Embed cnfs files anywhere.
Galleries, AI assistants, oEmbed unfurlers, Discord bots — anything that needs to render your cnfs files publicly. Three credential flavors so you pick the trade-off that fits: the URL itself for shares, an opaque magic link for single files, or a path-scoped Bearer key for services.
Pick your credential
- Share URLLive (phase 2)
URL-only access. Optional password, expiry, max-uses, referrer allowlist. Best for galleries pasted into a webpage.
- File tokenPhase 5
Opaque magic link to one file. TTL-based. Best for one-shot embeds (newsletter image, Discord upload).
- Public API keyPhase 6
Bearer cnfs_pub_*. Path-scoped. Rate limits + CORS allowlist + per-day quota. Best for backend services.
What ships in v1
- REST — listing, file fetch (range-aware), metadata. Live now.
- Transforms — width/height (px or %), no upscaling, format negotiation, GPS-only EXIF strip default. Phase 3.
- GraphQL — same auth, same listing helper, with DataLoader-batched thumbnails.

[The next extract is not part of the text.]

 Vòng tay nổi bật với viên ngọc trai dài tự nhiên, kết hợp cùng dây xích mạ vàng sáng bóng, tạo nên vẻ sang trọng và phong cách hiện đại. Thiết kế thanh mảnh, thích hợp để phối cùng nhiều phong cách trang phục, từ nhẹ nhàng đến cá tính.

Phase 4.
- Inline playgrounds — Scalar for REST, GraphiQL for GraphQL, slider-driven preview for transforms.
- LLM prompt generator — paste-into-Claude block scoped to a specific share or key. Phase 7.
Endpoint reference
/api/public/v1/share/<id>Share metadata — label, path-prefix, capabilities, expiry.

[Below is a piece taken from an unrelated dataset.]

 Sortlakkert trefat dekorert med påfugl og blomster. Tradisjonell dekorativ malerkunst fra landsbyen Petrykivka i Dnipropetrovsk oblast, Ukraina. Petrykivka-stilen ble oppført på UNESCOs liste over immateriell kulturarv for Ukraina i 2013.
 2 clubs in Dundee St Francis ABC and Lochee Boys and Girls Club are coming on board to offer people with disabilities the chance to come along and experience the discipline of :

/api/public/v1/share/<id>/filesCursor-paginated listing with sort/filter/recursive controls.
/api/public/v1/share/<id>/file/<path>Range-aware file fetch. Transform params land in phase 3.
/api/public/v1/share/<id>/file/<path>/metaMetadata-only fetch — cheap pre-flight.
Security defaults
- Path traversal — every request is normalized + scoped to the share's pathPrefix.
..escapes are rejected. - Constant-time password check — scrypt + timingSafeEqual.
- Hotlink protection — optional
referrer_allowlistper share. - Soft revoke — rotating a share's signing secret invalidates outstanding URLs in one stroke.
- No path-existence leak — out-of-scope paths return 404, identical to nonexistent ones.